Originally Posted By: GreeCguy
If you're going to buy a "southern" car, check out places like Central or Northern Alabama or Mississippi. I lived in Northern Alabama for 12 years and even though we would get ice storms every year, they never salted the roads and there were very few rusty cars.
Yes, we do have an abundance of rust-free cars down here. It's not uncommon at all to see unrestored, very original cars from the 1960s and 1970s down here with basically no rust, or just light surface rust in areas where paint has worn off. Rot is non-existent on cars originally sold in the state.
Sometimes though, people do bring rot buckets down here. I saw a '99 Sierra in our local Pull-A-Part that was junked due to cracks in the frame on both sides from rot. The body was pretty shot too. I saw a Silverado at a wrecker's out in the country that was missing literally half of each bedside due to rot. No idea how those two ended up down here, but I suspect some vehicles that will fail inspection in other states are brought here because we do not have vehicle inspections of any kind.

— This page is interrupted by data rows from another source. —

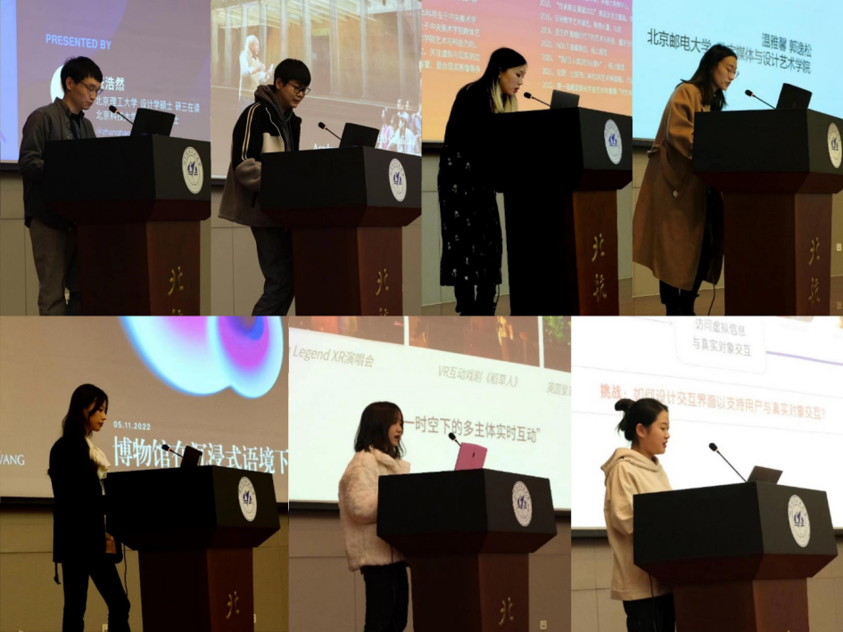 在研究生论坛环节, 张浩然(北京理工大学)、姚童哥(清华大学)、吴碧琳(中央美术学院)、温雅馨(北京邮电大学)、王雪童(北京科技大学)、葛赛西(北京航空航天大学)、李一含(北京航空航天大学)分享了他们在各自研究领域的研究成果与创作思考。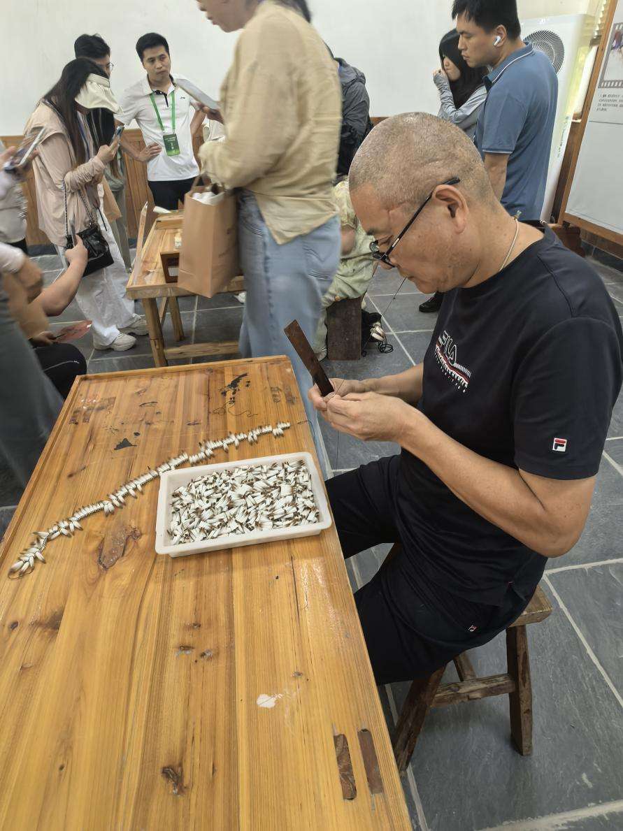在博物館的體驗區(qū)域,幾位制筆匠人正現(xiàn)場演示毛筆制作的各工藝環(huán)節(jié)。市級非物質(zhì)文化遺產(chǎn)項目代表性傳承人周平正咬著線的一端,兩手飛快地纏綁筆頭,這是制筆過程的“綁筆”環(huán)節(jié)。周平的徒弟李啟富在一旁認(rèn)真觀看,將師父的每一個動作記在心里。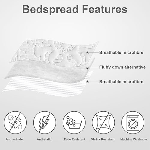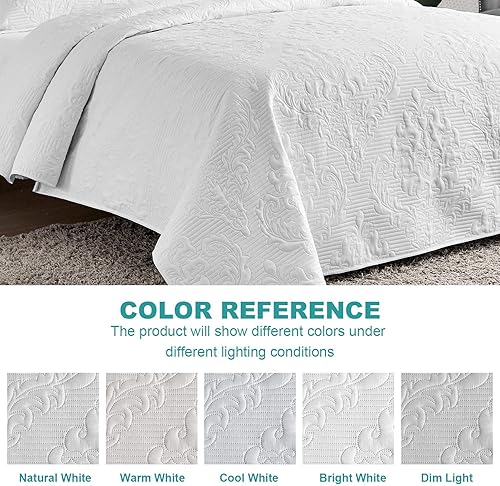 Hansleep Parure de lit king size damassée, couvre-lit léger, blanc, matelassage à ultrasons, sans couture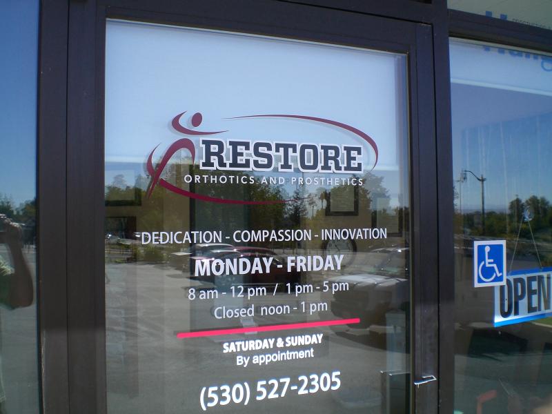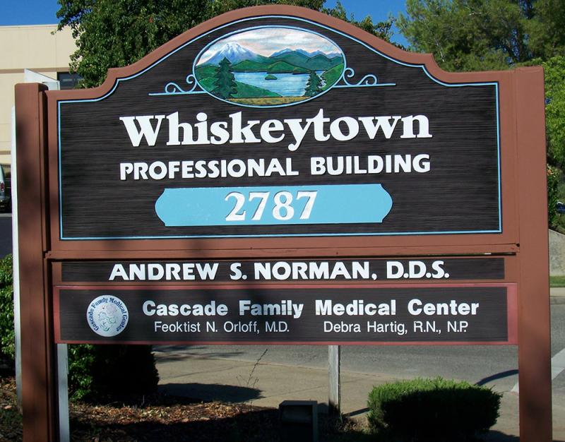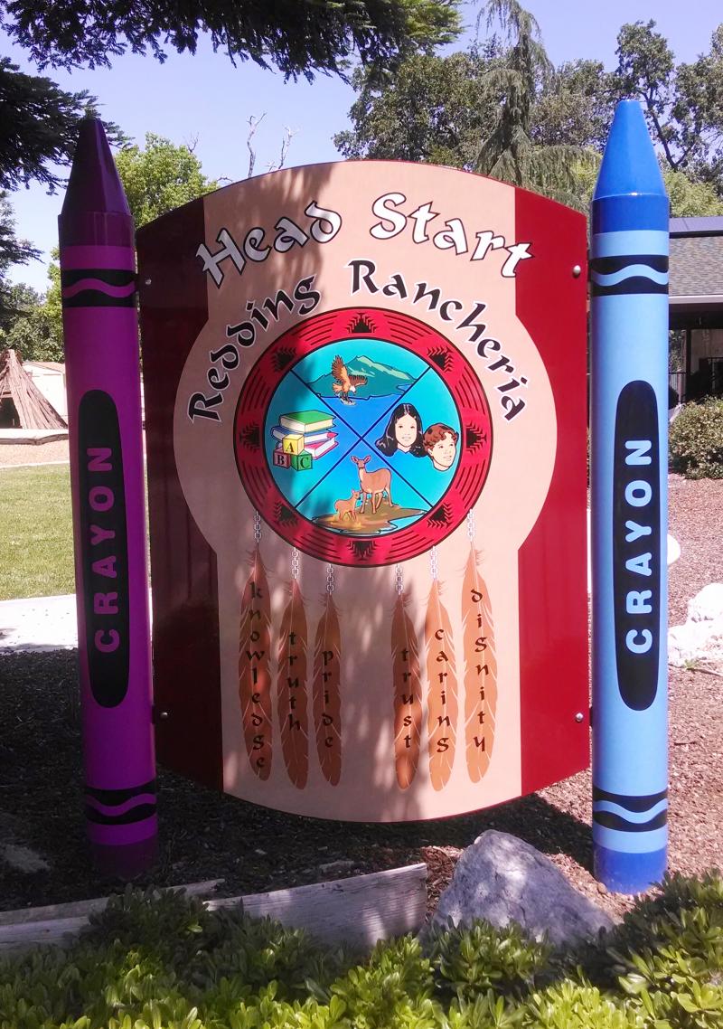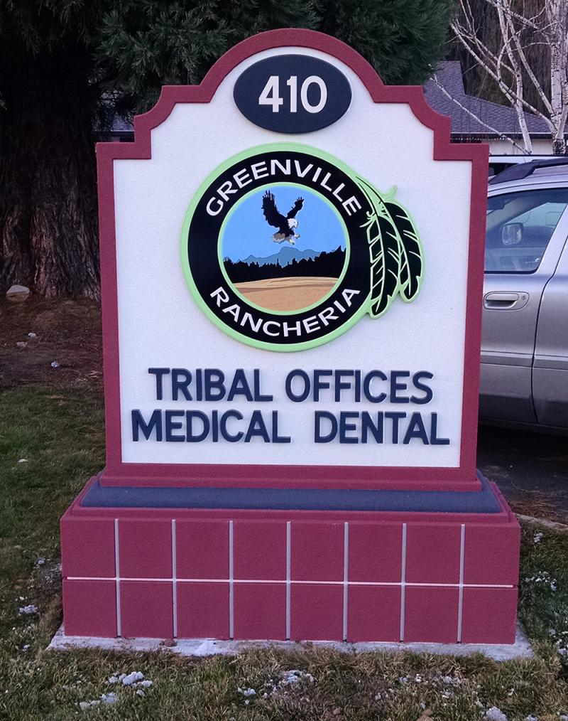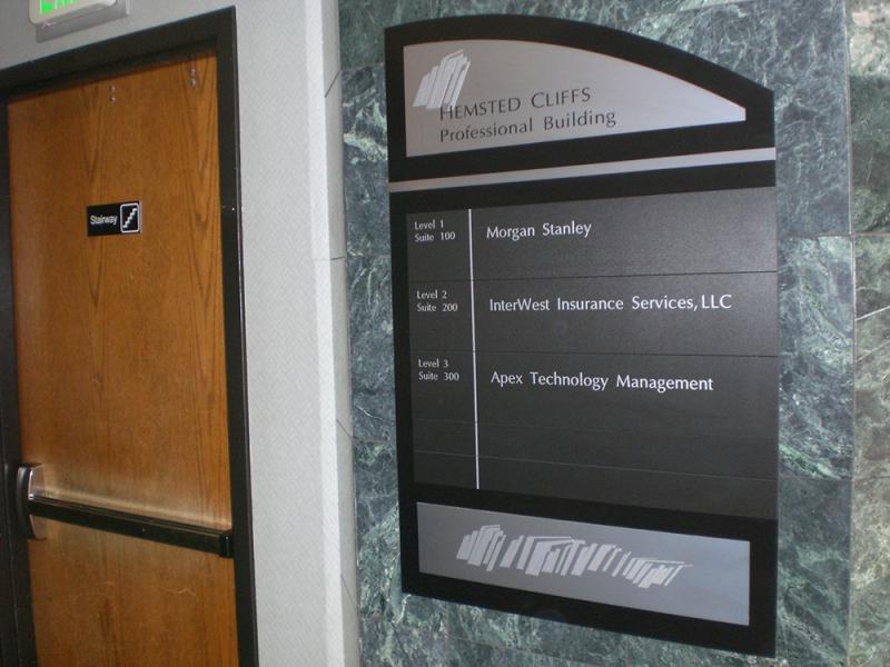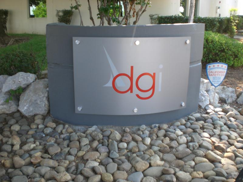 Metal panel with combination of paint and vinyl films. Standoffs were used to attach to rock monument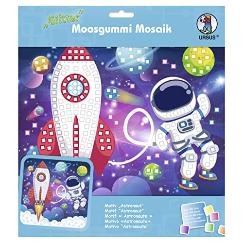 Ursus 8420019 Glitter Mosaik-Bild Astronaut, Hantverksset för en självhäftande bild av skumgummi klistermärken, ca 25 x 25 cm med stativ, flerfärgad

A running car or truck that is bound for the crusher in another state can be brought down here, sold for $500-$2000 depending on how presentable it is, then someone down here runs it until it splits in half going down the road.
I wouldn't rule out states a little further to the north that are more likely to have inspections, but don't use tons of salt. For example, North Carolina. My truck spent its first 10 years in NC and has no rust anywhere, despite being driven on salted roads every year of its life. Roads that get salted a couple times in a year won't kill a vehicle, it's the places where roads are salted for months on end that have real rot bags. One good thing about the inspections in NC is that a lot of junkers and unsafe vehicles are weeded out. In AL a vehicle can be driven with major looming problems for years.